Banking pundits have been predicting the demise of brick-and-mortar banking for some time now. The new generation of Millennial customers live in the digital world, and all transactions can be handled by smart handheld devices, right? A number of financial institutions such as Bank of America have started offering inline-only;y banking that actually charges fees for in-branch deposits and other transactions. However, don’t count branch banking as a loss-leader just yet. It seems that branches have just as much value as they always have although the role of branch banking is changing.
According to a new study from Wells Fargo, younger customers are using their handheld devices more than ever, but they are still relying extensively on brick-and-mortar banks. The latest information from Wells Fargo shows that 72 percent of millennials aged 18 to 34 are using mobile banking apps, compared to 50 percent for Generation X (35 to 50 years old), and 19 percent of Baby Boomers (aged 50 and older). However, 63 percent of millennials also use branch banks as opposed to 68 percent of Gen Xers and 69 percent of Boomers.
Like other customers, millennials need in-branch banking products such as loan processing, mortgages, money transfers, and other value-added services. The same study shows that millennials visit branches less frequently – on average, six times each quarter as opposed to seven times per quarter for older customer segments – but they still use bank branches.
To cut overhead, Wells Fargo and other banks are reducing their geographic footprint, closing some bank branches but assessing markets to make sure they “right size” their brick-and-mortar presence. At the same time, banks are getting smarter about adopting new omnichannel marketing strategies to bring the right kind of new business into branch banks. Banks are creating a mash-up of the in-branch and digital experience to improve customer service.
Bank products can be complex, and most customers are uncomfortable working through complex transactions online. Electronic bill pay and mobile bank deposits is one thing; negotiating a used car loan or line of credit is another matter. More banks are initiating online interaction or video-enabled chat so customers can talk to a bank representative over a digital link. It’s still not the same experience as sitting across the desk from your banker and closing the deal with a handshake.

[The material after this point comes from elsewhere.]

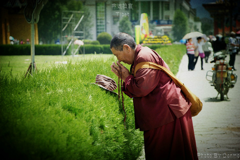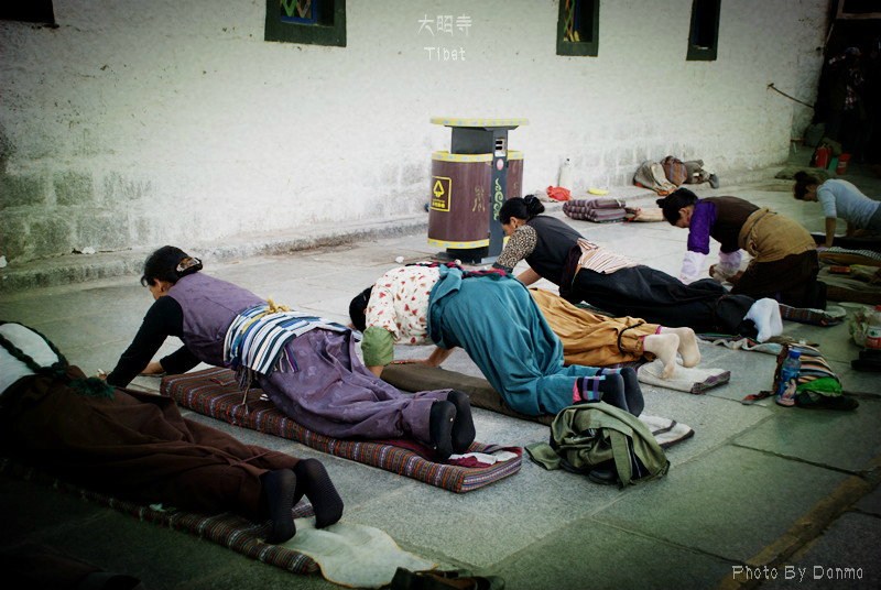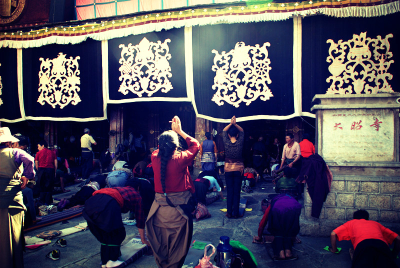 寺门口,虔诚的信徒。很多信徒是从青海 、甘肃 、四川 等全国各地的藏区一路磕长头而来,有的没有到达拉萨 就死在了路上,对于这种信仰深深敬畏。

To promote more of an omnichannel customer experience that brings together digital and physical banking, banks and credit unions are adopting new strategies:
New marketing centers – Some banks are changing the look and feel of their branch banks, turning them into retail showrooms to highlight banking products. These hubs offer banking services with video links to financial specialists. There also are “pop up” branches and video tellers to provide a new kind of branch banking experience blending technology and personal service.
A converged banking experience – Banks and credit unions also are combining online and in-branch transactions. For example, a customer can start a loan application online and then make an appointment with a banker to review and sign the paperwork. A number of credit unions are partnering with other companies to offer custom shopping services for new and used cars; the credit union handles the car loan and the partner finds the perfect car. Customers are able to manage their money through any channel, e.g. by making loan payments online, by check, or in person.
So the hype about the demise of the brick-and-mortar bank is just that, hype. It seems that brick-and-mortar banking will be with us for some time to come, but how those branches operate and how they serve customers is going to change to optimize the new digital banking experience.